[Supplied material — start]

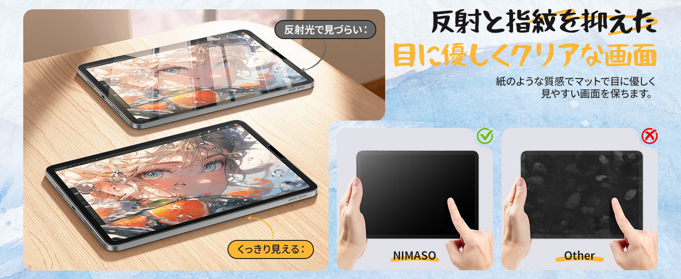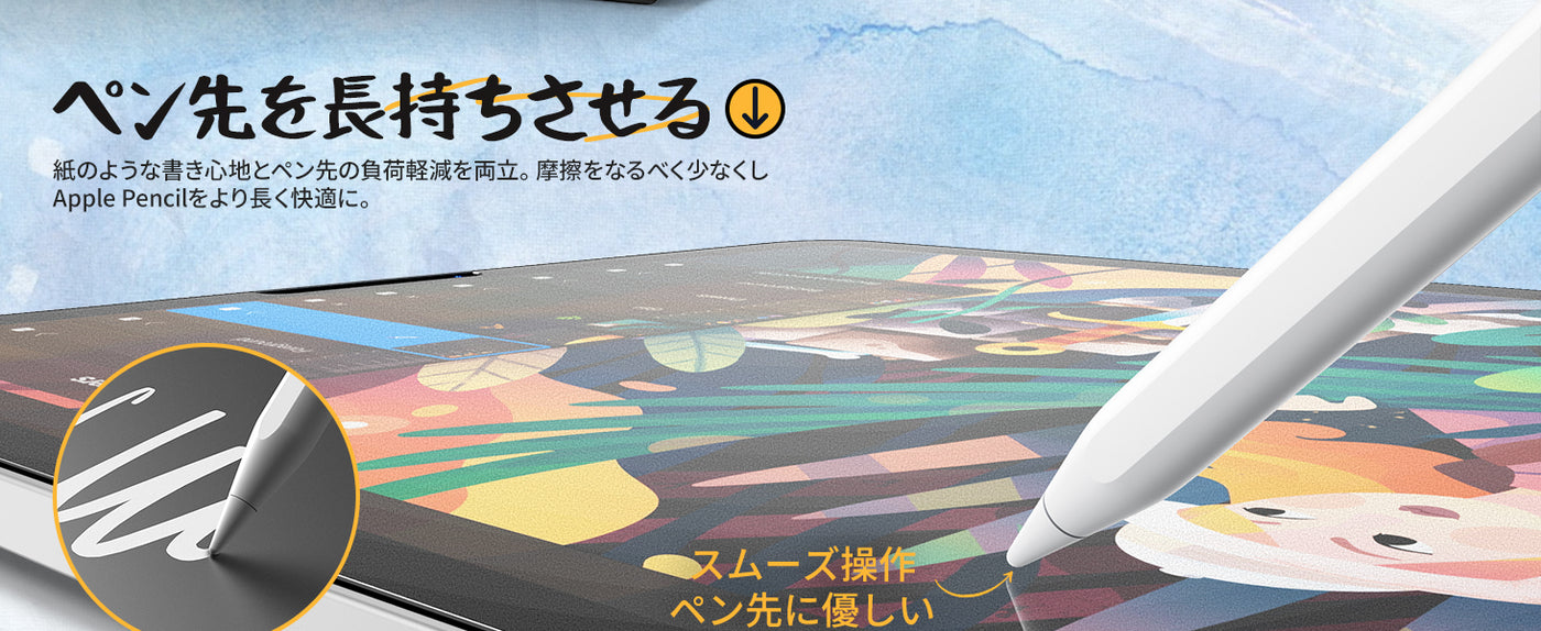 紙の描き心地、ペン先の摩耗低減、反射防止、指紋防止、貼り付け簡単
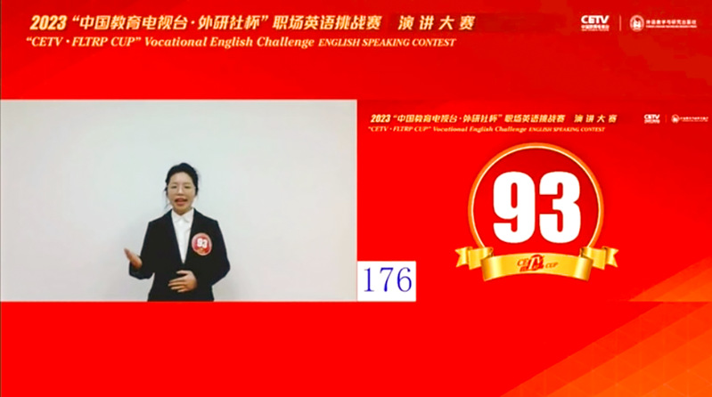 12月15日,2023年“中国教育电视台·外研社杯”职场英语挑战赛演讲大赛全国决赛圆满落幕。我院应用英语专业学生黄子祎在大赛中表现优异,荣获全国三等奖。
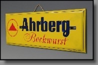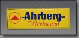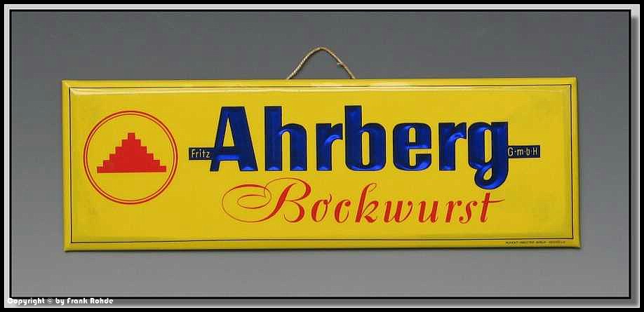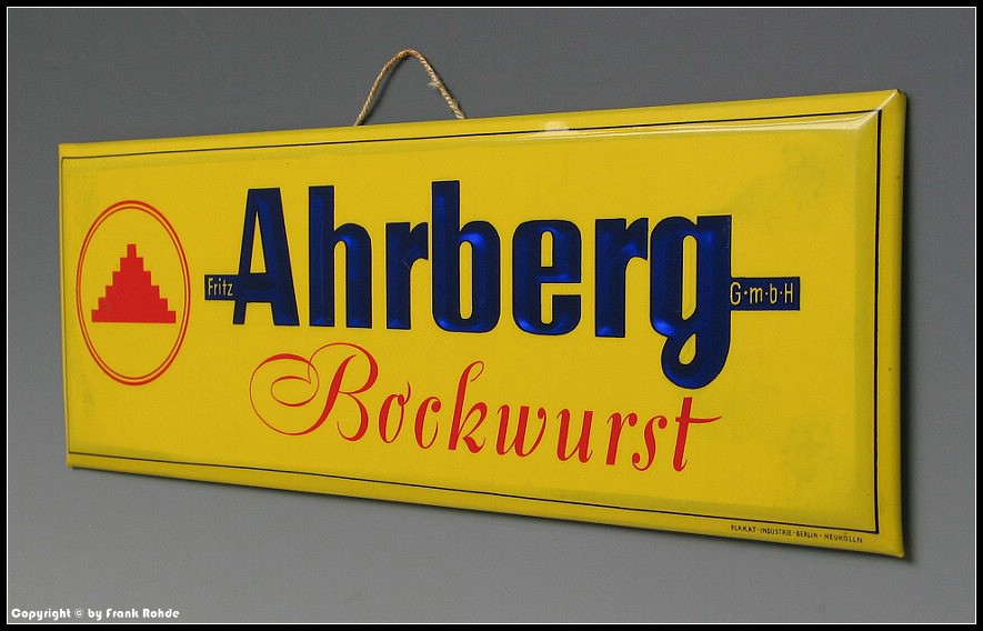 Imoglasschild (kunststoffüberzogenes Blech) "Fritz Ahrberg GmbH Bockwurst" (Nr.: BL 30) ...VERKAUFT ! |
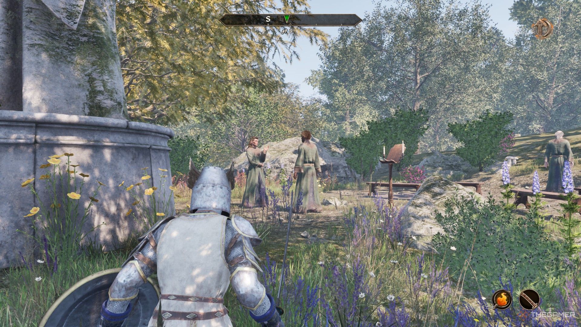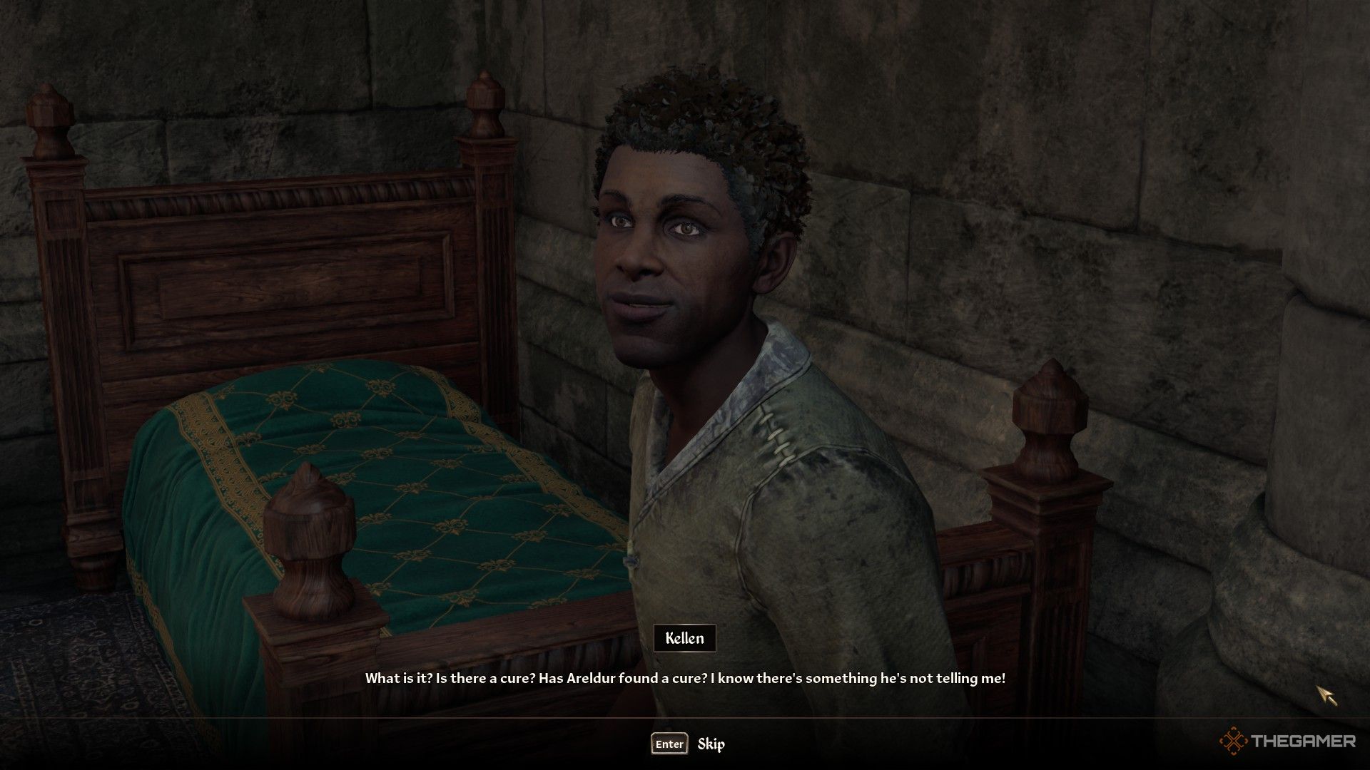 司祭はあなたをリダイレクトしますチャペルホールでケレンを見つけてください。彼は右側の部屋で休むべきです。ケレンと話してくださいそして彼に彼の呪いについて尋ねてください。役に立つと、彼はあなたが戻ってくるブーメランをしますアレルドゥールとチャットしますまた。
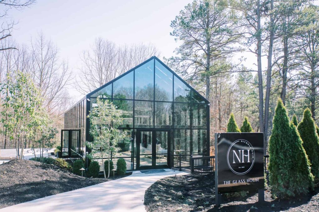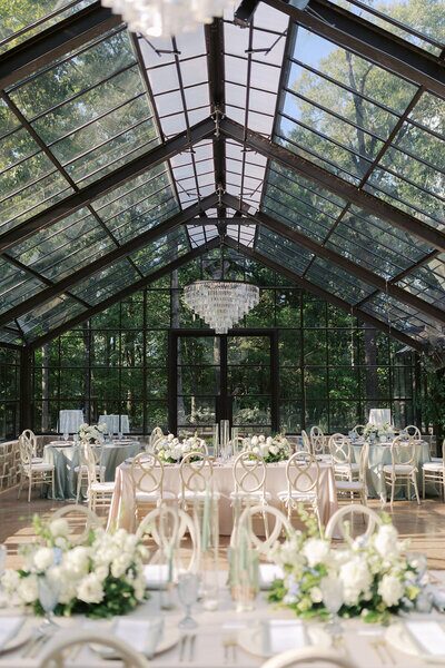 As a team of wedding planners serving the Southeast, we have been loving the latest trend of greenhouse, glasshouse, and glass atrium wedding venues. Glass atrium and greenhouse venues in the Southeast offer the perfect blend of nature, detailed architectural, and natural light that makes for a great photo every time. And we can’t forget our favorite part – climate control! It’s no secret that weddings here in the South can get a little ~sweaty~. Now, we don’t have to sacrifice the natural beauty of our region for our guests’ comfort!
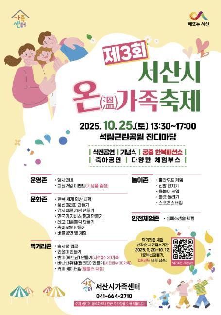 [중앙뉴스라인, 우제헌기자] 충남 서산시는 오는 10월 25일 석림근린공원 잔디마당 일원에서 제3회 온(溫)가족 축제를 개최한다고 밝혔다.
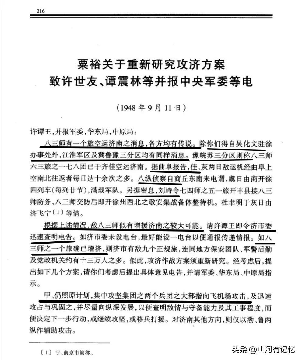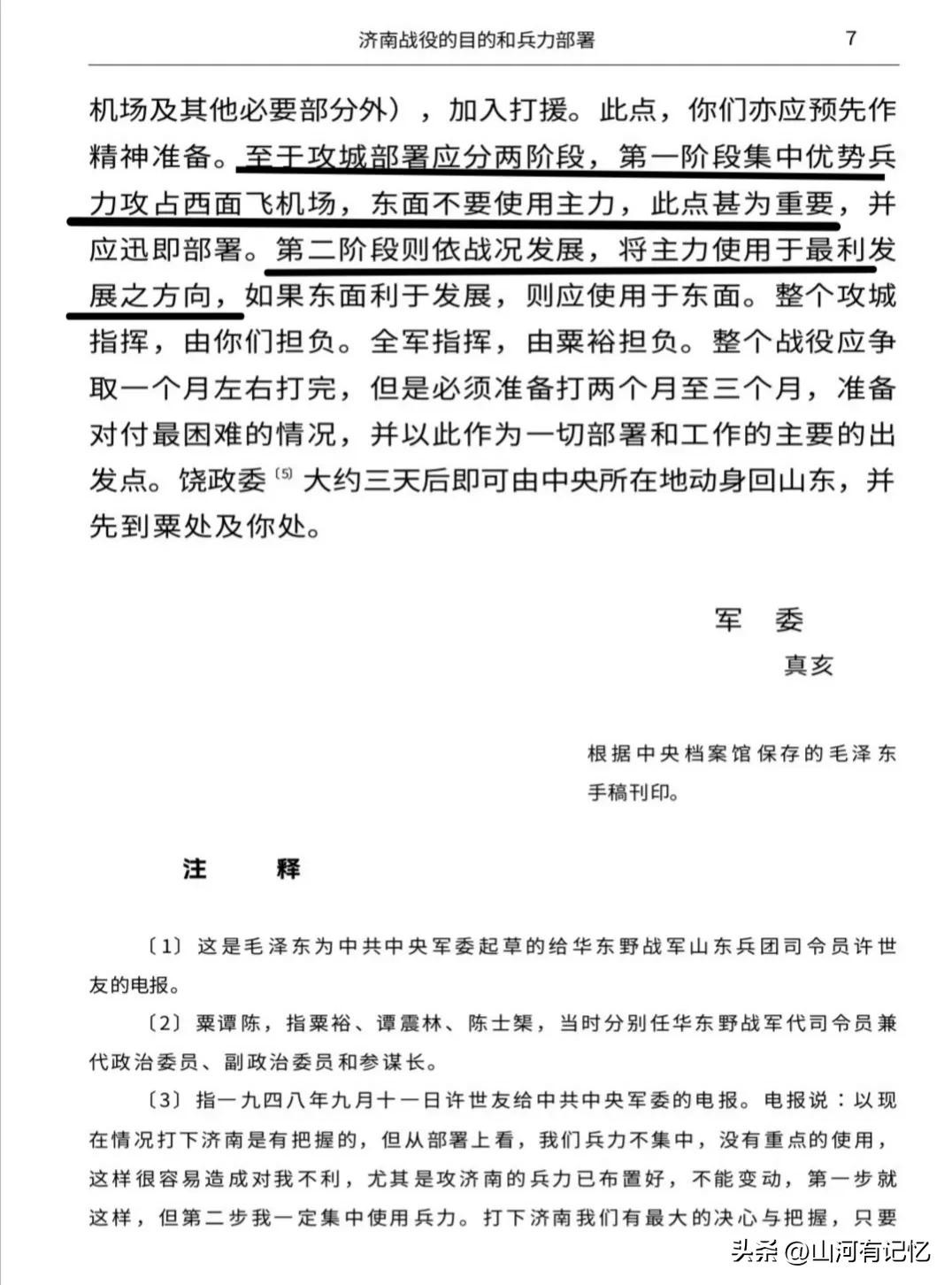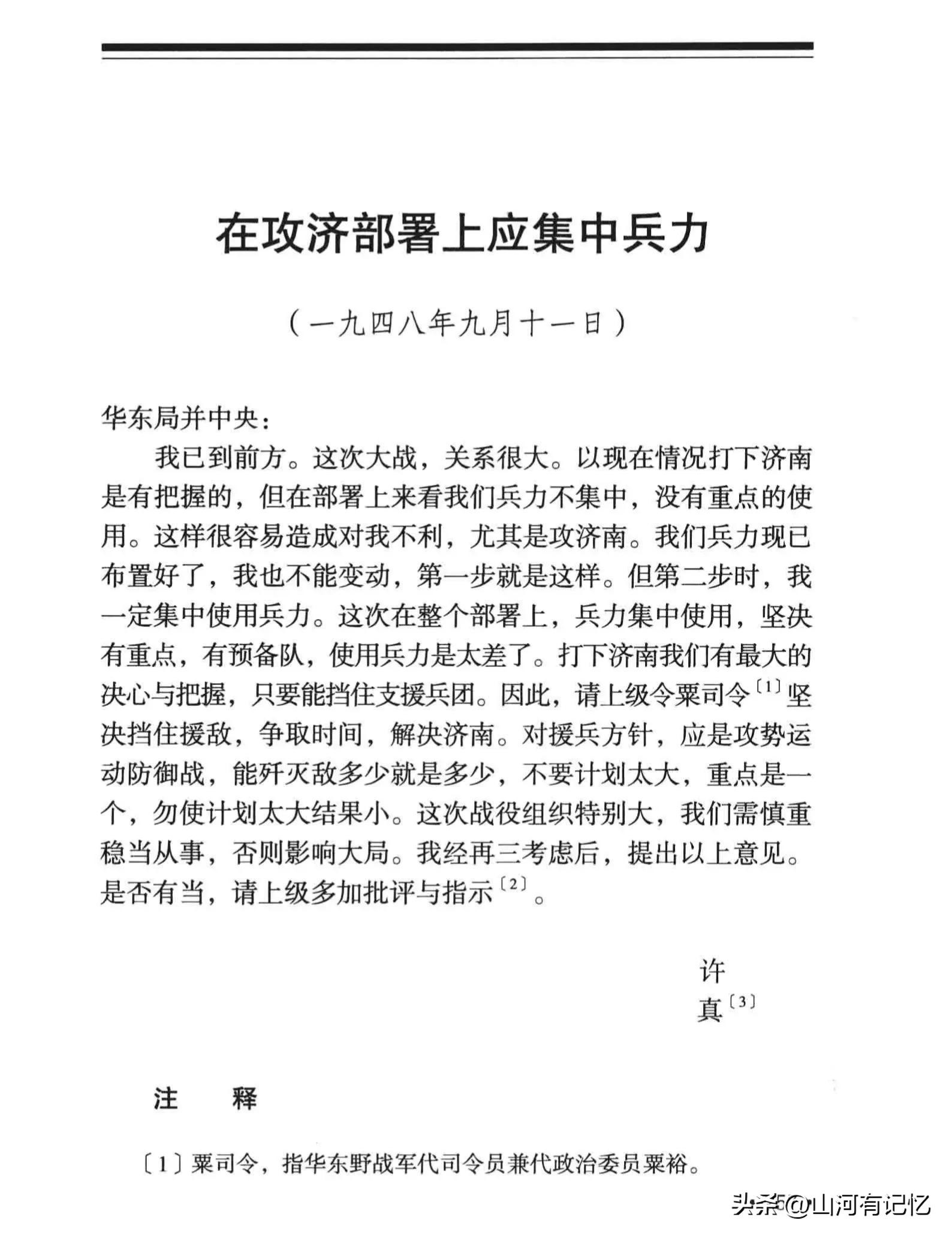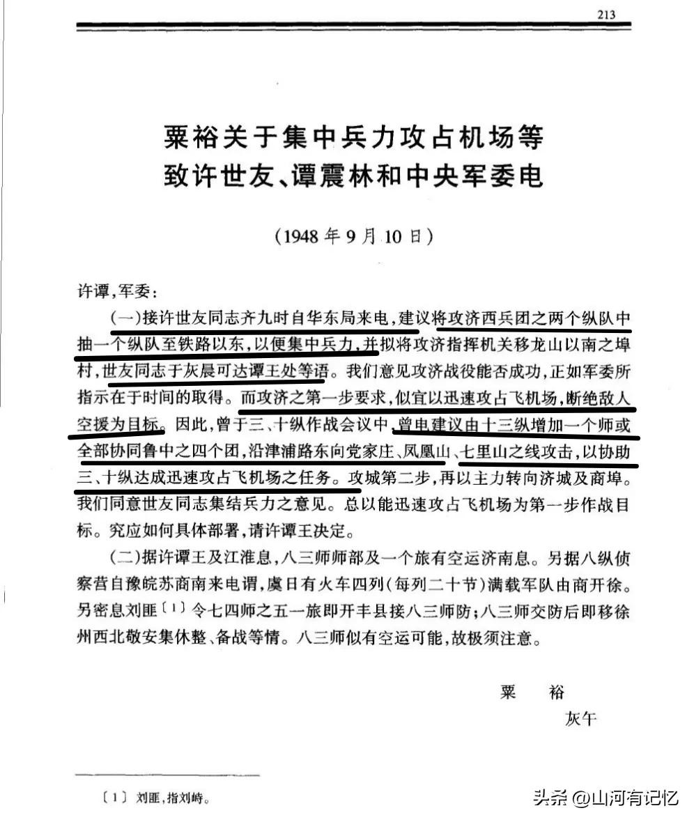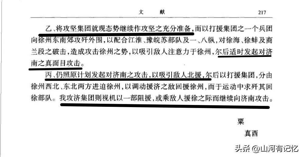 再然后,就是何新引用的“因此,攻济部署不作大的变动”,可后边接的是“仅以十三纵紧随鲁中南纵之后,必要时参加机场作战。”上下文一串,也不像反驳,反倒是……
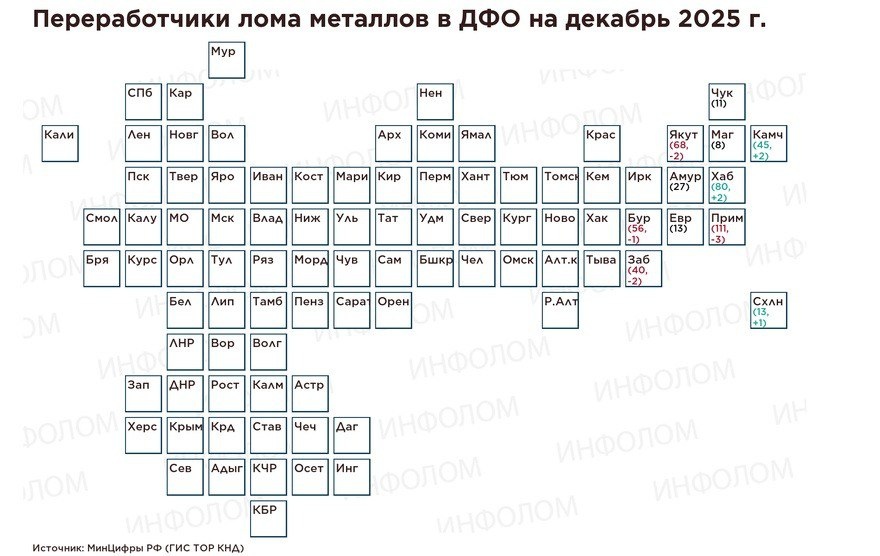 Рынок переработки металлолома на Дальнем Востоке по итогам 2025 года демонстрирует сдержанную и неоднородную картину. В отличие от других федеральных округов, здесь преобладает тенденция к стагнации и сокращению числа операторов, что, вероятно, отражает как географическую специфику, так и макроэкономические вызовы. Центром деловой активности в отрасли, несмотря на незначительное сокращение, остаётся Приморский край (г. Владивосток). Здесь количество лицензированных компаний уменьшилось на три, однако общее число участников — 111 — сохраняет за краем лидерство в ДФО. Сокращение числа игроков стало доминирующим трендом для крупных материковых регионов. В Республике Саха (Якутия) (г. Якутск) рынок сократился на две компании, составив 68 участников. Аналогичное снижение на две фирмы зафиксировано в Забайкальском крае (г. Чита), где работают 40 переработчиков. На одну компанию меньше стало в Республике Бурятия (г. Улан-Удэ) — теперь их 56. Однако на карте Дальнего Востока есть и точки рос

[Supplied material — finish]

**What is expected:** Set down the entries above again exactly, minus any image.

**Completed task:**
 紙の描き心地、ペン先の摩耗低減、反射防止、指紋防止、貼り付け簡単
 12月15日,2023年“中国教育电视台·外研社杯”职场英语挑战赛演讲大赛全国决赛圆满落幕。我院应用英语专业学生黄子祎在大赛中表现优异,荣获全国三等奖。
 Imoglasschild (kunststoffüberzogenes Blech) "Fritz Ahrberg GmbH Bockwurst" (Nr.: BL 30) ...VERKAUFT ! |
 司祭はあなたをリダイレクトしますチャペルホールでケレンを見つけてください。彼は右側の部屋で休むべきです。ケレンと話してくださいそして彼に彼の呪いについて尋ねてください。役に立つと、彼はあなたが戻ってくるブーメランをしますアレルドゥールとチャットしますまた。
 As a team of wedding planners serving the Southeast, we have been loving the latest trend of greenhouse, glasshouse, and glass atrium wedding venues. Glass atrium and greenhouse venues in the Southeast offer the perfect blend of nature, detailed architectural, and natural light that makes for a great photo every time. And we can’t forget our favorite part – climate control! It’s no secret that weddings here in the South can get a little ~sweaty~. Now, we don’t have to sacrifice the natural beauty of our region for our guests’ comfort!
 [중앙뉴스라인, 우제헌기자] 충남 서산시는 오는 10월 25일 석림근린공원 잔디마당 일원에서 제3회 온(溫)가족 축제를 개최한다고 밝혔다.
 再然后,就是何新引用的“因此,攻济部署不作大的变动”,可后边接的是“仅以十三纵紧随鲁中南纵之后,必要时参加机场作战。”上下文一串,也不像反驳,反倒是……
 Рынок переработки металлолома на Дальнем Востоке по итогам 2025 года демонстрирует сдержанную и неоднородную картину. В отличие от других федеральных округов, здесь преобладает тенденция к стагнации и сокращению числа операторов, что, вероятно, отражает как географическую специфику, так и макроэкономические вызовы. Центром деловой активности в отрасли, несмотря на незначительное сокращение, остаётся Приморский край (г. Владивосток). Здесь количество лицензированных компаний уменьшилось на три, однако общее число участников — 111 — сохраняет за краем лидерство в ДФО. Сокращение числа игроков стало доминирующим трендом для крупных материковых регионов. В Республике Саха (Якутия) (г. Якутск) рынок сократился на две компании, составив 68 участников. Аналогичное снижение на две фирмы зафиксировано в Забайкальском крае (г. Чита), где работают 40 переработчиков. На одну компанию меньше стало в Республике Бурятия (г. Улан-Удэ) — теперь их 56. Однако на карте Дальнего Востока есть и точки рос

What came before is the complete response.